昼前からそんな誘いをして来たのもそんな人間の一人。余所者で得体が知れない僕を受け入れてくれた懐の深さと女遊びによる懐の寒さを持ち合わせた船乗りだ。どうもお気に入りの子が居るらしく、只でさえ港が使えず乏しくなった収入の多くをつぎ込んでいる馬鹿だ。でも、僕はそんな馬鹿が好きだ。そんな馬鹿が居るこの町が心の底から好きだった。
「勇者様達が大量にぶっ殺したからか港に来るモンスターが減って助かったよな。おかげで堂々と遊びに行けるぜ。……今月は行きすぎてやっべぇが……大丈夫だな、多分! 俺の人生はまだまだ……」
「……もう終わちゃうのか。寂しいなあ」
「死なねぇよっ!? 縁起でもねぇなあ、おぃいいっ!?」
僕が思わず呟いた事に彼が反応した時だった。港の方が妙に騒がしくなったのは。確か嫁渡りの船が到着する頃だけれども、幾ら何でも騒がしい。
「行き遅れが婚期を焦る余りに花を追って海にでも落ちたか?」
「あはははは。いや、彼女が居ない君が何を言っているのさ」
「俺には可愛い子猫ちゃん達が居るからいーの。お前こそクイラとはどうなのよ、実際?」
「僕と彼女は……いや、本当にただ事じゃ無いみたいだ!」
最初は騒ぎ声だったのが悲鳴も混じり、何か巨大な物が激突した音も混じる。冗談では済まない大きな騒ぎが起きているのは間違い無いらしいね。それは慌てて駆け寄って来た少女の姿で不安から確信に変わったんだ。終わりの時が近付いて来たってさ。
「遅くなってごめん! 状況は……何だよ、アレ?」
嫁渡りの船が幽霊船に襲われて港に激突、そこまで聞いて慌てて向かった僕が呆然と見ているのは、骨だけになった人の上半身が生えた廃船と海の上に立つパンダが向かい合っている姿だった。少し上空には凧に乗った黒子が居る。うん、全然分からない。港に居た女の子達は動揺して詳しく聞き出すのは難しいだろうね。でも、勇者だけは違った。少し疲れた様子だけれど、きっと彼女なら詳しく教えてくれそうだ。

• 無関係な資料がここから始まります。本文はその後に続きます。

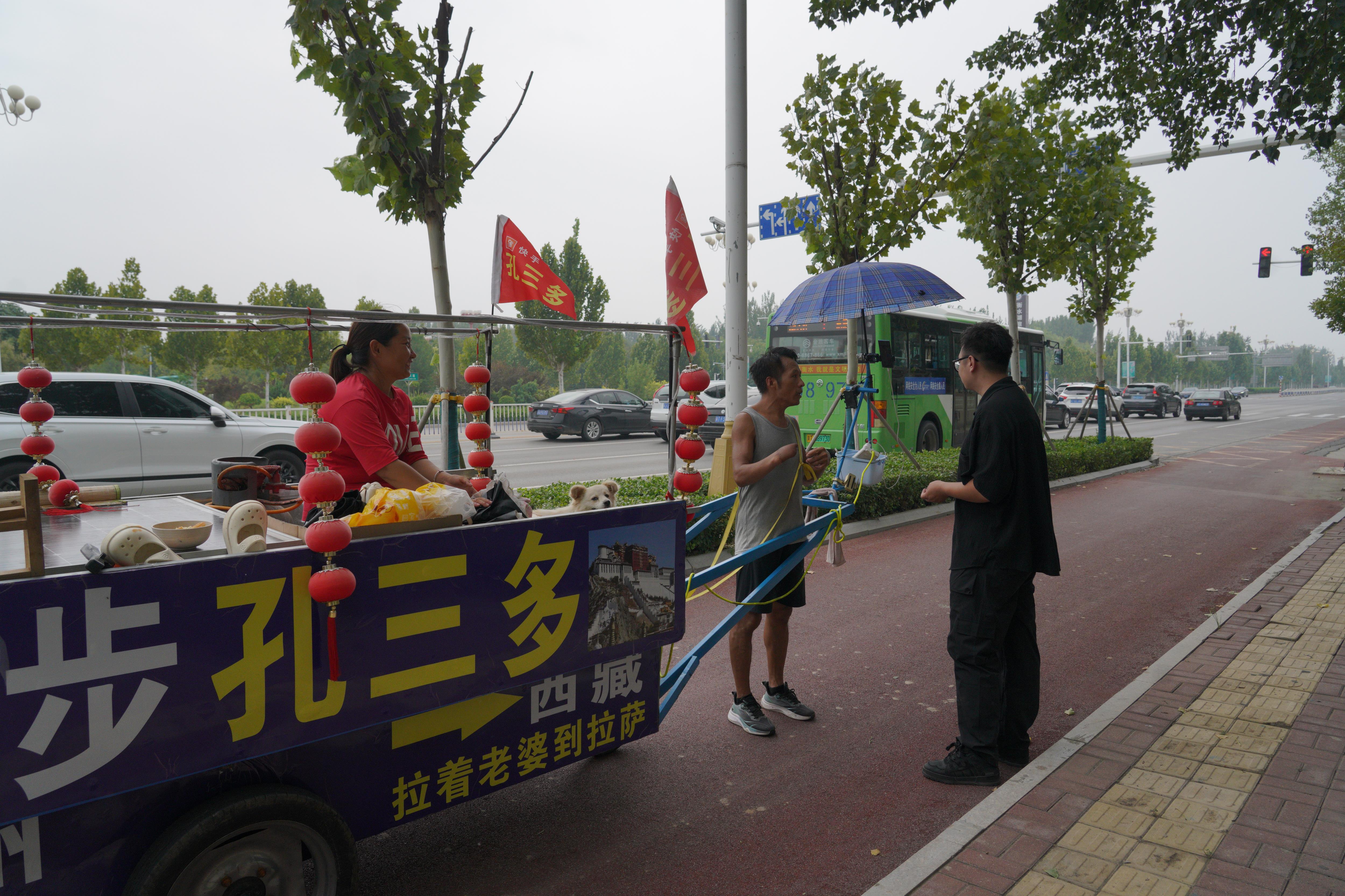 迎著微涼的小雨,孔三多沿著衡水市桃城區(qū)紅旗大街拉著車一直往南奔跑著,這是孔三多徒步拉車去西藏的第33天。一邊直播,一邊感受沿途城市風(fēng)土人情。如今,他和未婚妻肖大美正途經(jīng)衡水,白鷺踩荷,在風(fēng)光秀麗的衡水湖旁直播時(shí),他告訴我們,預(yù)計(jì)十個(gè)月,他們就可以進(jìn)入西藏,計(jì)劃明年8月底抵達(dá)拉薩。

「パンダになったアンノウンがパンダハリケーンを使ったらパンダが巨大化して、アンノウンがそれを操っているんです」
「ごめん、全然意味が分からない」
「私も意味が分かりません」
つまり誰にも説明が不可能なんだね。それでも時は流れ事態は動く。最初に動きを見せたのは幽霊船だった。
「キィヤァアアアアアアッ!」
「ぐっ! 凄まじい声だな、あの幽霊船。いや、確か別の名前が有った筈だけれど。確かエルダーシーレイスだったっけ?」
ビリビリと空気が振動し、思わず耳を塞ぎたくなる程の絶叫。数少ない気の弱い子達は今にも気を失いそうな怨磋の叫び。正直言って死人が生者に迷惑を掛けるなって話だけれども彼奴はそんな事を気にしちゃくれない。それよりも今は僕のすべき事をしないとね。
「僕達が戦いに割って入っても巻き込まれるだけだ。皆、耐えられそうにない子を避難させたら戦いの準備をお願い。きっとモンスターがやって来る!」
歴戦の戦士の経験則でも無く、獣人の優れた五感による察知でも、ましてや魔法使いの探知でも無い。僕の種族が持って生まれた能力による直感的な物が間もなくモンスターの大規模な襲撃を告げる中、幽霊船の幽霊、エルダーシーレイスが両手の手の平をちかづけた。間の空間には青い鬼火が灯り、次々に現れては船の周囲グルグル回る。表面に苦悶に満ちた人の顔が浮かんでいる事に気が付いたのは僕と勇者だけみたいだね。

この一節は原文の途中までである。